Participantes na Conferência Anarquista de Lisboa de 1925, entre os quais estão dois dos responsáveis editoriais de “A Batalha”: Manuel Joaquim de Sousa e Manuel da Silva Campos [nº28]
A guerra de títulos que opôs proprietários das empresas e trabalhadores da imprensa não foi uma novidade de 1921, ano em que o Diário de Lisboa nasceu a 7 de abril (durando até 30 de novembro de 1990).
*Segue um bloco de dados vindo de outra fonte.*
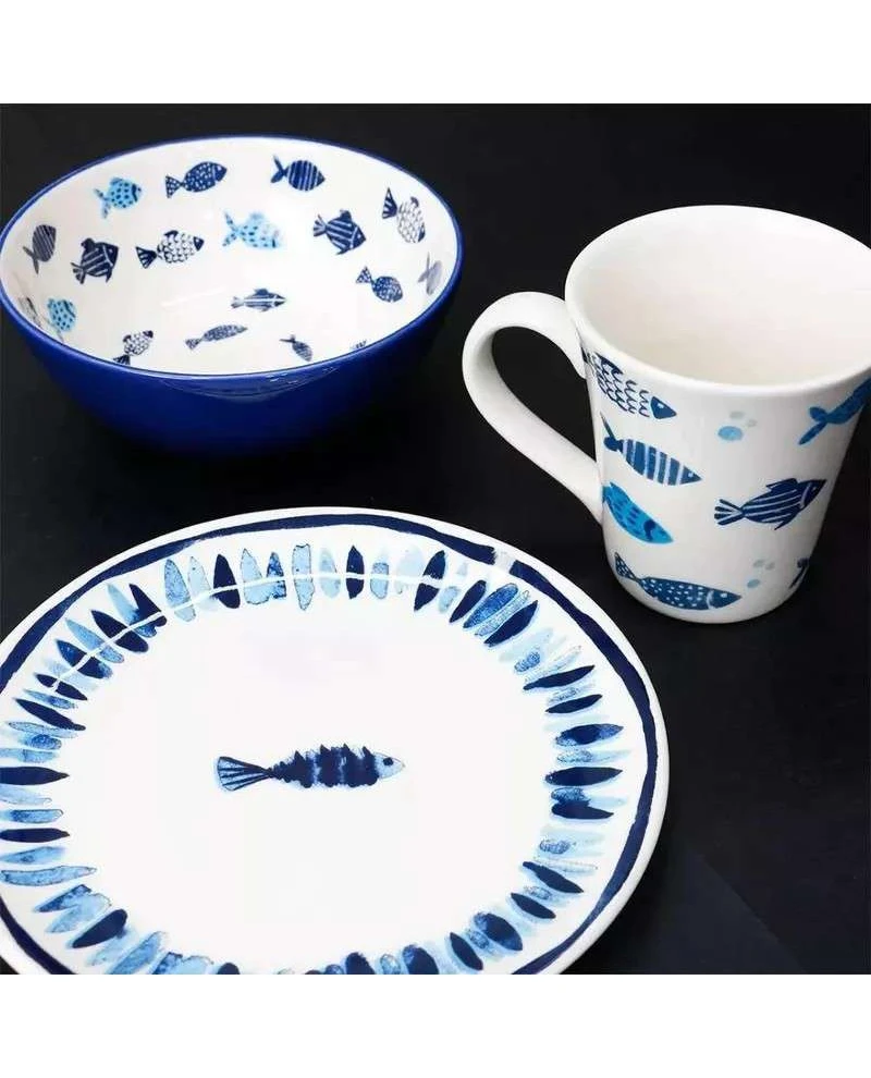 O conjunto é ideal para café da manhã e lanches, incluindo um prato de sobremesa, bowl e caneca. A decoração marinha com peixes em aquarela torna-o perfeito para diversas ocasiões.
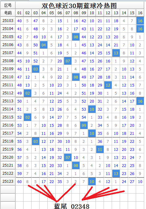 蓝球本期有热蓝8枚,冷蓝8枚,蓝球热码数量一样。上期开出热蓝,由于近期蓝球冷热交替开出规律不明显,本期蓝球冷热难定。
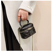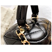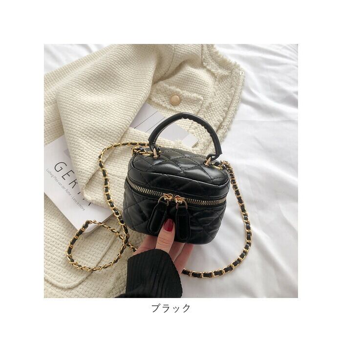 ・手持ちにしやすい持ち手ハンドルに、肩に掛けるだけでスタイルの素敵なアクセントになる、キラリと艶めくチェーンショルダー付き。
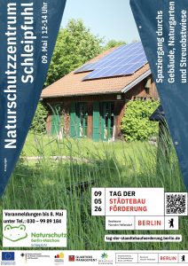 Das Programm startet um 12 Uhr im Naturschutzzentrum Schleipfuhl (Hermsdorfer Straße 11 A). Ein Rundgang führt dort durch das Gebäude und über die Streuobstwiese. Die Leitung erläutert die bauliche Modernisierung und den ökologischen Nutzen des Zentrums für die Nachbarschaft. Für diesen Programmpunkt ist eine Anmeldung notwendig, telefonisch unter 030 9989184 oder per via E-Mail.
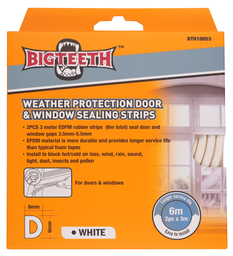 - Těsnění na dveře a okna, typ D, bílé 2ks 3m (BTH10053)
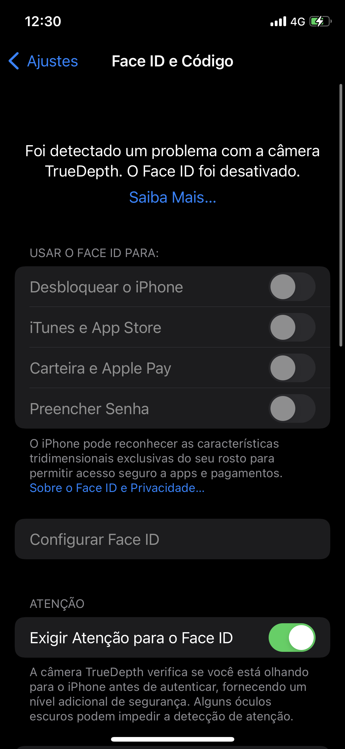 Já atualizei versão, reiniciei aparelho, redefini o Face ID não disponível para configurar novamente , e permanece com msgm de problema com a caneta TrueDepth é que o Face ID foi desativado, como devo proceder por gentileza ?
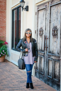 If the floral detail isn’t your thing then a simple leather moto jacket works beautifully with your wardrobe. I’ve linked a few here below.
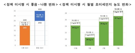 정부가 2차 미세먼지 계절관리제를 추진한 결과 초미세먼지 평균 농도가 감소한 것으로 나타났다. 초미세먼지 농도가 '나쁨'을 기록한 일수는 4일 줄어들고, '좋음'을 나타낸 일수는 10일 늘어났다.
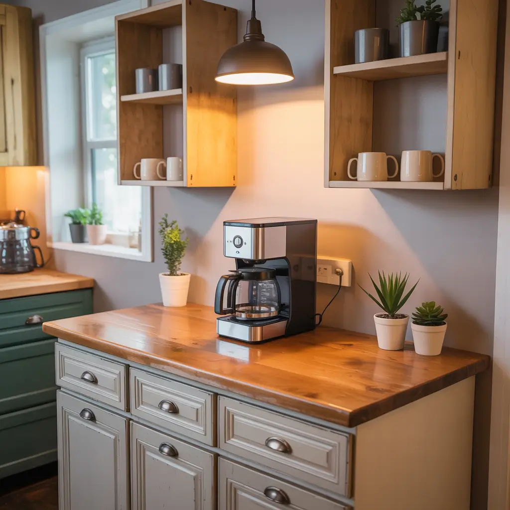 Mount a small floating shelf or cabinet at chest height. This becomes your coffee prep zone. Below it, add a deeper cabinet base that can hold your coffee maker when you’re using it and tuck away when you’re not. Above? Install open shelving or a shallow cabinet for easy access to your daily essentials.
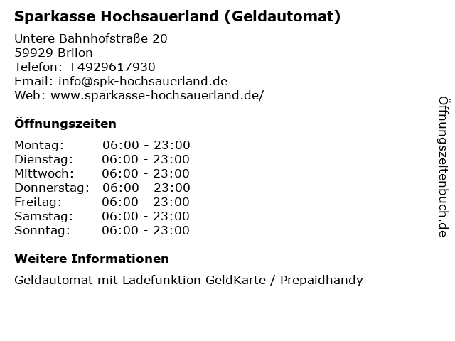 4 Sparkasse Mitten im Sauerland (Geldautomat) (Entfernung: 9,01 km) Dominitstraße 5, 59929 Brilon-Hoppecke 6 |
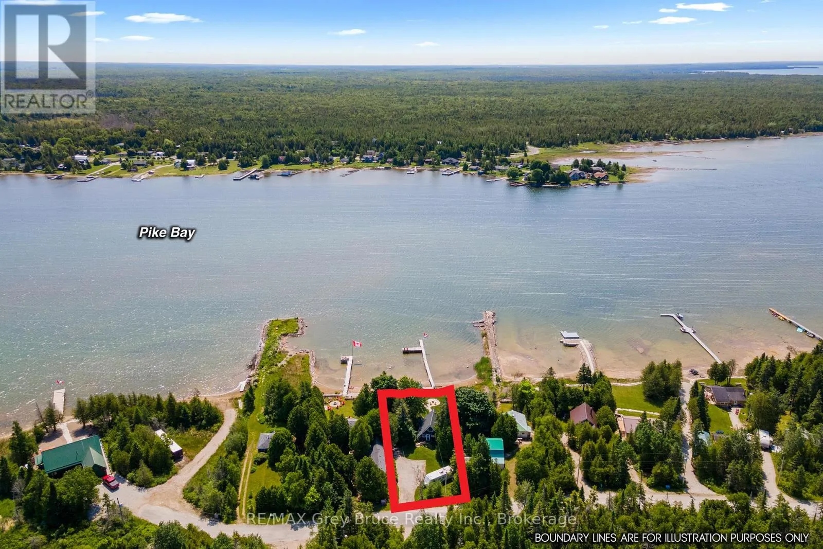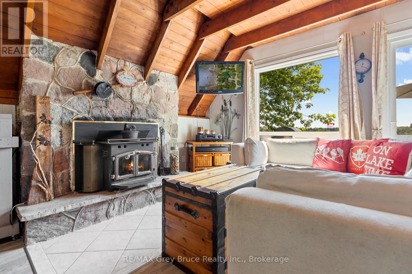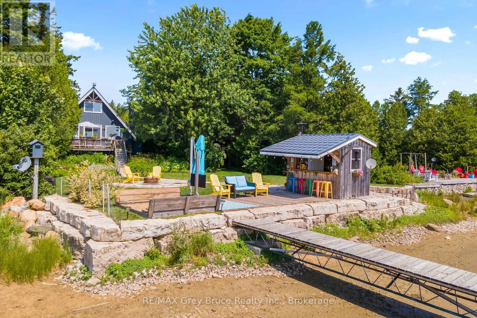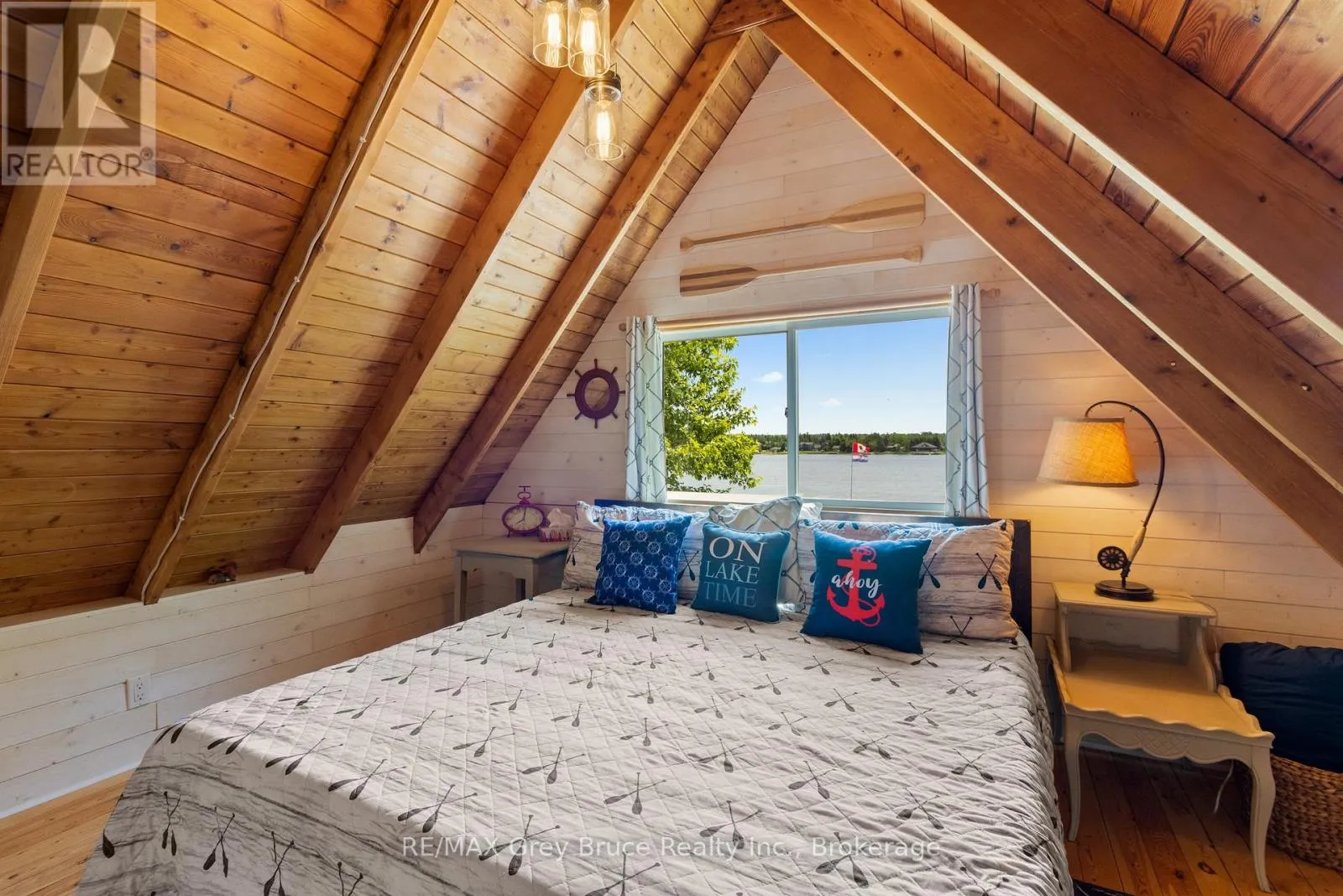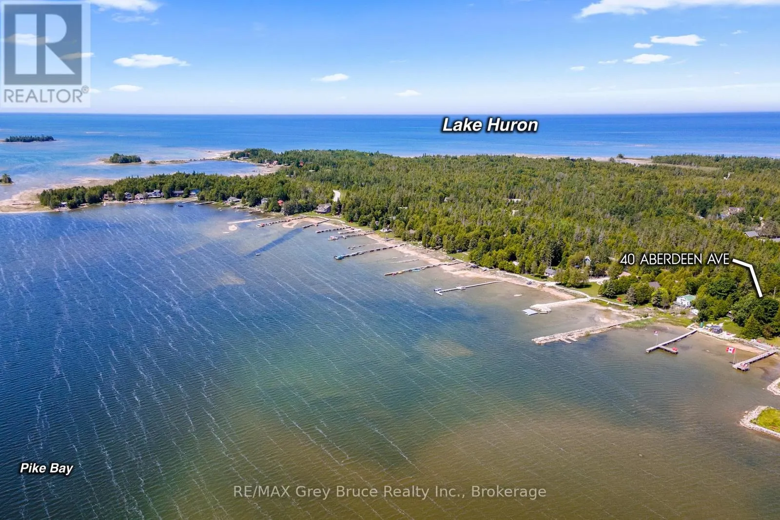 Cross Streets: Widgeon Cove Rd & Aberdeen Ave. ** Directions: Head North on Hwy 6, Turn Left on Pike Bay Rd, Turn Left to stay on Pike Bay Rd, Turn Right on Widgeon Cove Rd, Turn Left on Aberdeen Ave., Look for Signs. Welcome to 40 Aberdeen Avenue a beautifully updated 3-bedroom, 1-bathroom home-away-from-home tucked along the north shore of Pike Bay. Both the property and cottage feature many new updates including but not limited to; new septic system (2025), new steel roof (2019), upgraded insulation (ceiling & walls in 2019, crawl space fully insulated 2026), professional Armour Stone landscaping (2020), new kitchen island and countertops (2024), updated bathroom (2024), refinished floors (2018 on 2nd floor & 2024 for main floor), and much more! The waterfront is an entertainers dream, featuring a Tiki Bar (with power and water), large flagstone fire pit, long wooden dock, private boat launch, water-side deck, and even a sand pit for the kids! Located near the end of a quiet road this private retreat offers a blend of comfort, character, and thoughtful upgrades! The perfect place for relaxing getaways and memory-filled adventures. Inside the chalet / A-frame style layout features a cozy open-concept living area anchored by a beautiful stone fireplace and sweeping views of Lake Huron. Upstairs has spacious bedrooms featuring refinished floors, shiplap walls, and live-edge shelving, creating a warm and rustic feel with modern style. The property is well treed offering lots of privacy! The cottage is being offered fully furnished and move-in ready, here is your chance to enjoy the best of Bruce Peninsula! (id:27476)
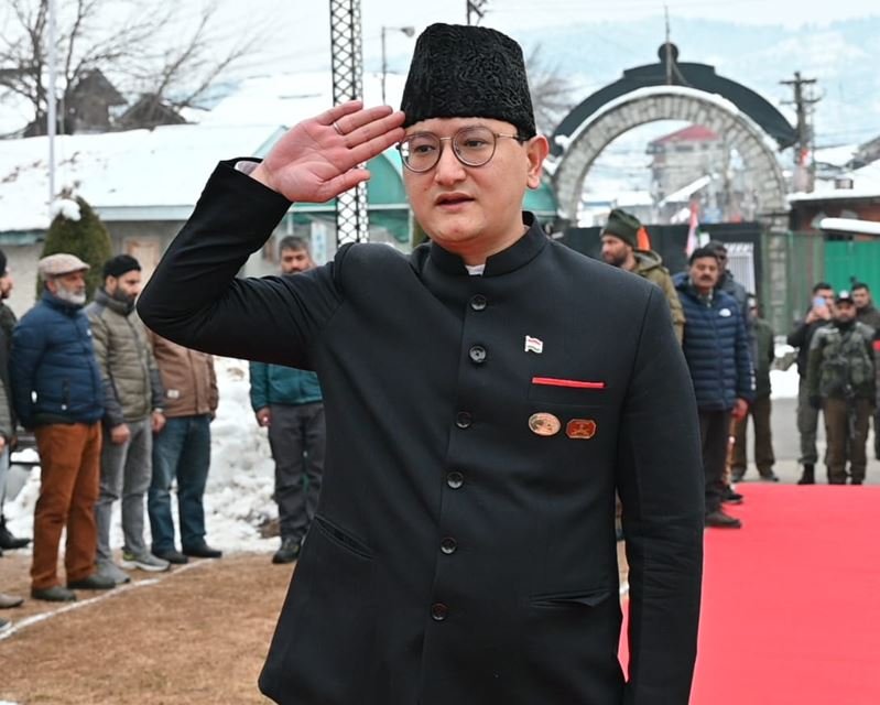 AT BARAMULLA: On the occasion of the 77th Republic Day, Deputy Commissioner Baramulla, Minga Sherpa unfurled the tri-color and took the salute at DC Office Complex.
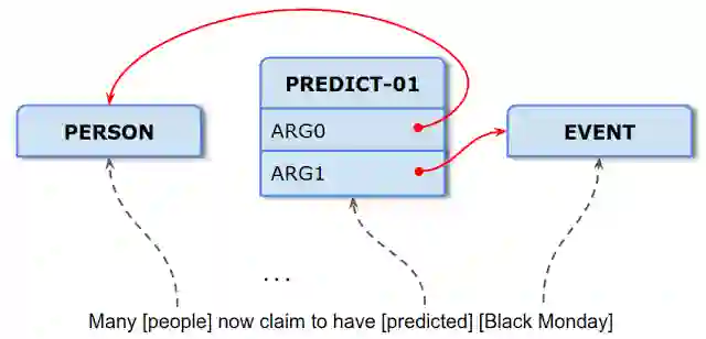 people是人物,Black Monday是事件,predicted是连接人物和事件的行为(其他概念),可单独作为一个框架元素PREDICT-01。当与人物发生相互作用时,PREDICT-01通过ARG0插槽表示“谁做的预测”,当与事件发生相互作用时,则用ARG1插槽表示“预测了什么”。整个判断过程基于语义概念结构,不会细化到针对每一个动词。
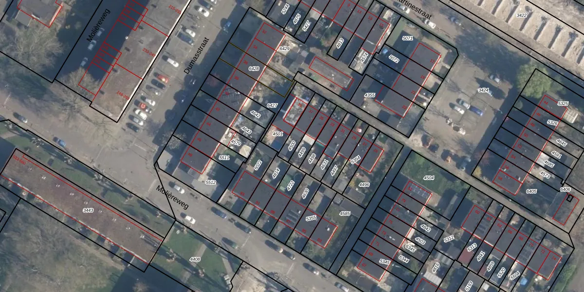 Gebruik de zoekbalk of klik op een perceel om informatie over het perceel te bekijken.
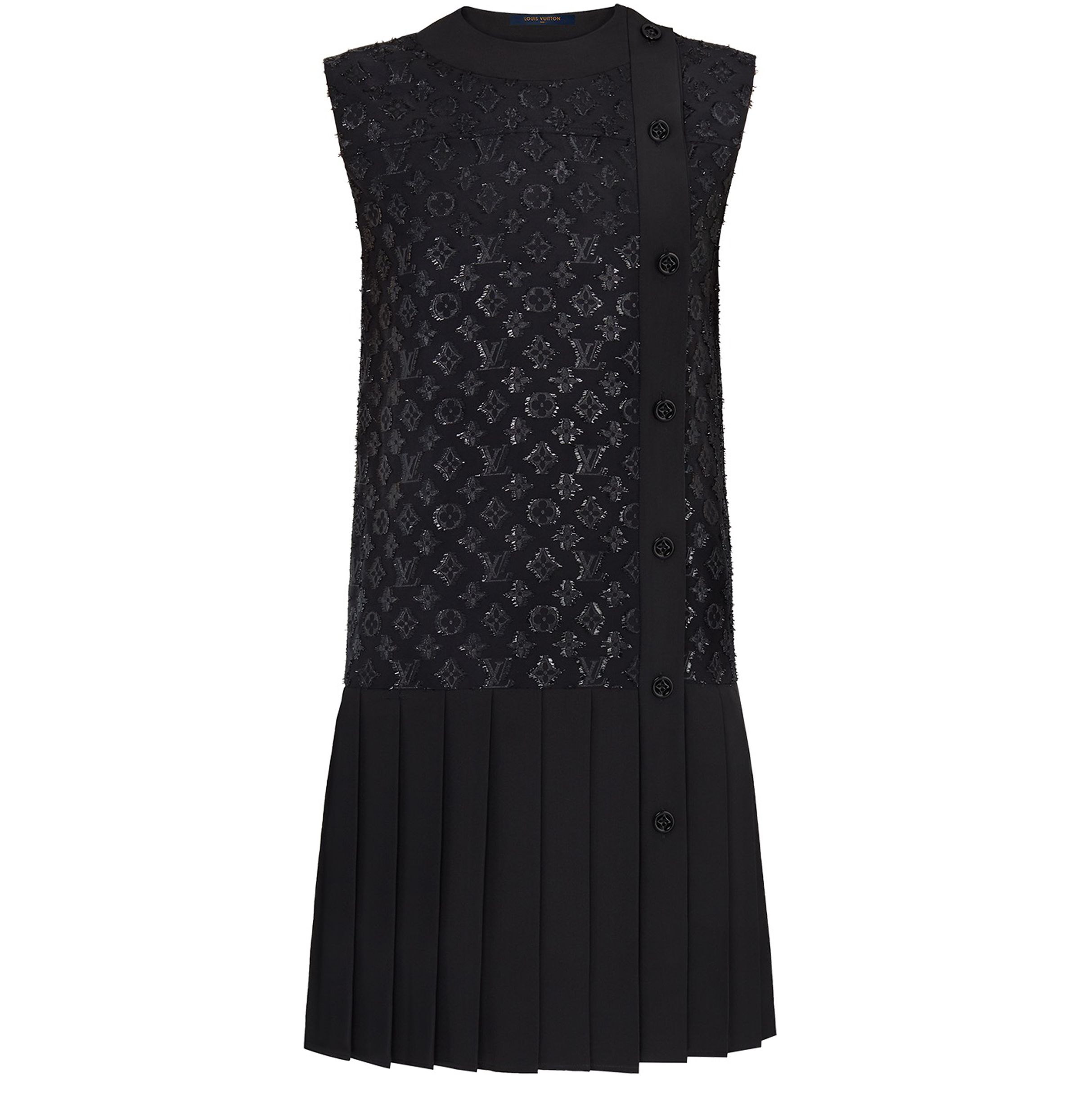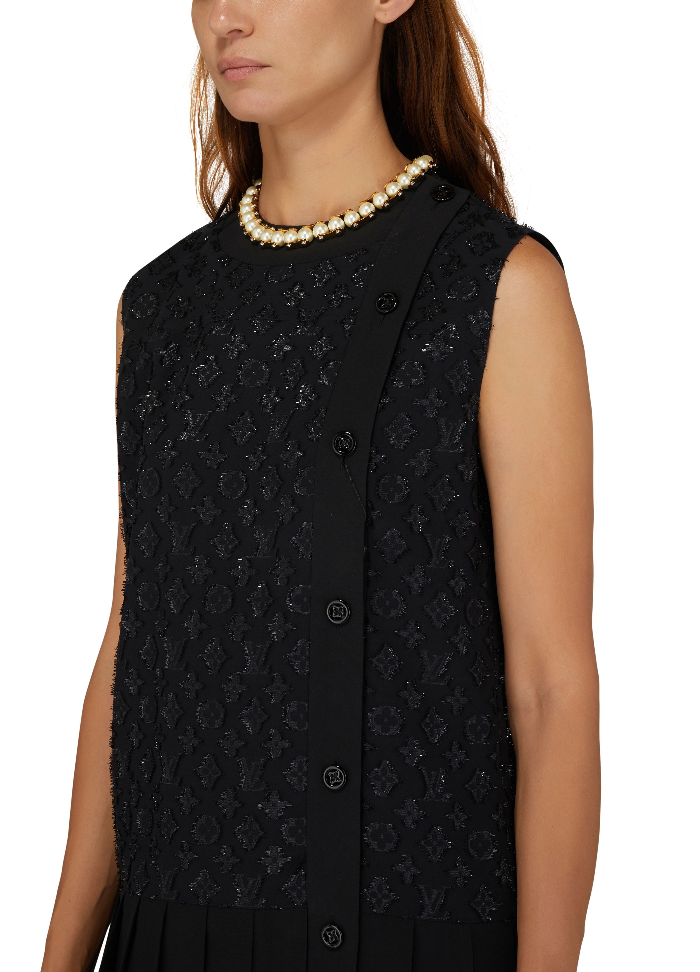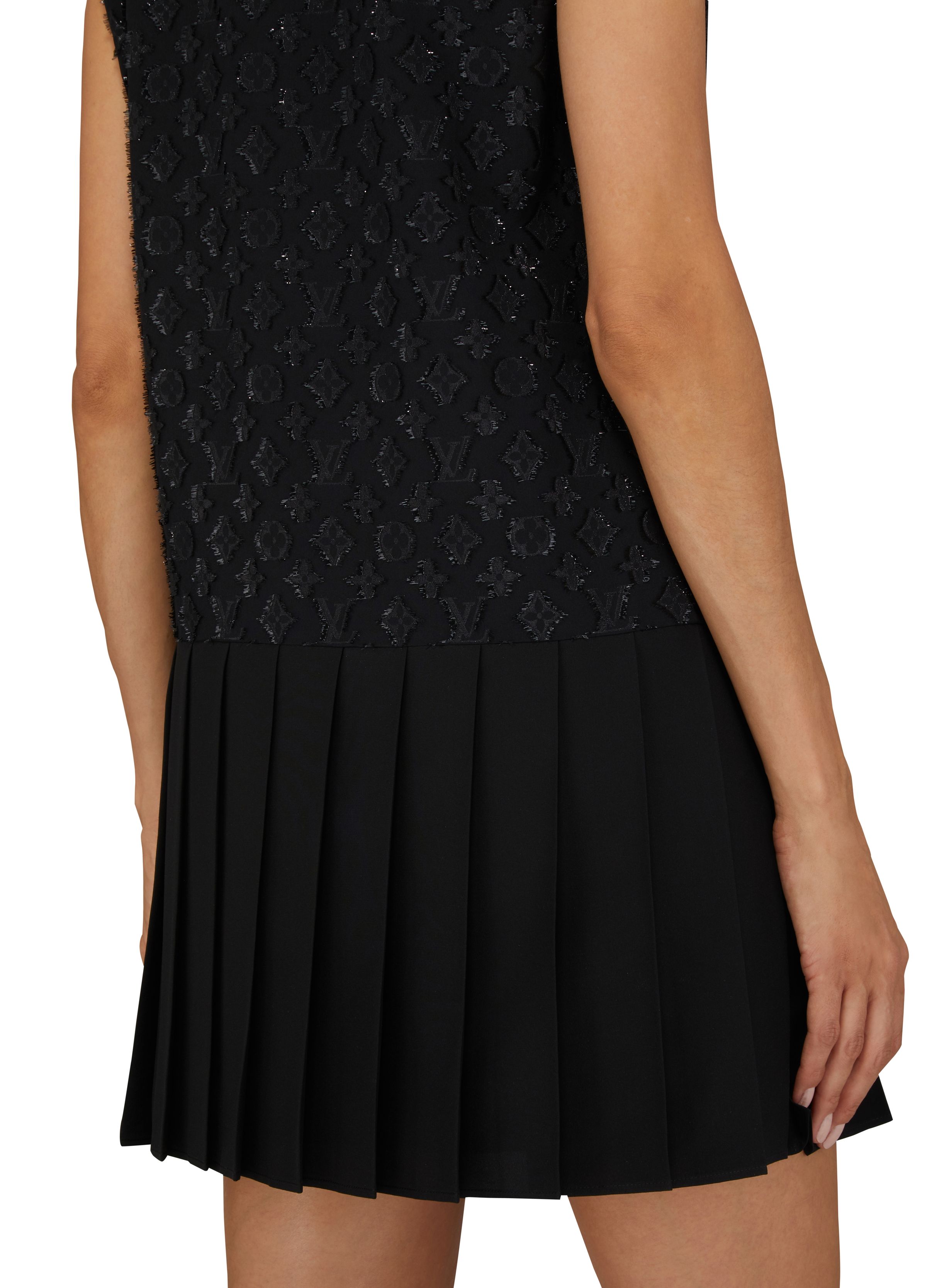 Short Straight-Cut Jacquard Dress with Monogram - Black

Em 1919, quando o jornal A Batalha foi publicado pela primeira vez a 23 de fevereiro, sob a chefia editorial do tipógrafo Alexandre Vieira, influenciado pelos ideais da revolução de 1917, A Imprensa surgiu cinco meses depois. Este título foi coeditado pelos proprietários das empresas jornalísticas que decretaram um lock-out.
Nesse ano, os principais jornais diários que se publicavam em Lisboa foram suspensos por decisão dos seus proprietários. “Na origem direta do lock-out encontramos precisamente uma ação de protesto da classe gráfica contra o encerramento pelas autoridades” da União Operária Nacional e do jornal A Batalha, como se lê no site da Hemeroteca.
A Imprensa foi assim publicada entre 19 de junho e 3 de julho de 1919 e os 13 números podem ser consultados na Hemeroteca Digital.
O Século e o Diário de Notícias, títulos de grande circulação, foram suspensos
D.R.
As greves e os lock-out andaram (várias vezes) a par na imprensa portuguesa na I República.
A longa greve de 1921 terminou sem que grandes decisões fossem tomadas. José Nuno Matos escreve que a “última tentativa de negociação entre as partes [foi] mediada pelos jornalistas Augusto Soares e Melo Barreto, mas seria, mais uma vez, frustrada, sendo surpreendida pelo regresso dos tipógrafos de O Século ao trabalho”.
No início de maio de 1921, “a comissão executiva de greve acabou por chegar a um consenso com [os proprietários dos jornais] A Época, A Luta, Opinião e Diário de Notícias no sentido de um aumento dos ordenados em 40% do seu valor”, escreve José Nuno Matos, acrescentando que o acordo “não incluiu a readmissão dos profissionais da imprensa em greve” no Diário de Notícias.
Última Hora
No jornal O Século, os aumentos salariais ficaram pelos 35%,"argumentando-se a prévia existência de uma tabela de valores superior". Neste jornal, verificou-se igualmente, citando um informe publicado por Manuel Guimarães, o “afastamento definitivo de todo o pessoal da redação, informação e revisão que tomou parte na greve”, conforme foi noticiado em A Imprensa de Lisboa, do dia 9 de maio de 1921.
No final, o balanço da greve não era o mais positivo, reconhecendo-se que o pessoal das empresas “não ficou numa invejável situação económica, apesar dos aumentos conseguidos”, como escreve A Imprensa de Lisboa, 13 de maio, de acordo com um dos artigos do investigador José Matos.
Por último, recordamos que o terceiro título que saiu desta greve se chamava Última Hora. Ligado aos trabalhadores grevistas, surgiu dois meses após o início da greve, como “iniciativa de uma cooperativa de tipógrafos e jornalistas em greve – entre os quais figuravam nomes como Artur Portela, Vitorino Nemésio e os diretores Pinto Quartim e Norberto Lopes”, escreve o investigador José Matos no livro “Jornalistas em Greve − Imprensa e Sindicalismo na I República”.
O jornalista Norberto Lopes, foi um dos repórteres que cobriu a Guerra de Espanha e foi o segundo diretor do Diário de Lisboa. Pinto Quartim, militante anarquista nascido no Rio de Janeiro, esteve ligado a várias publicações.
A greve terminou a 7 de maio de 1921, e A Imprensa de Lisboa publicou-se pela última vez no dia 13.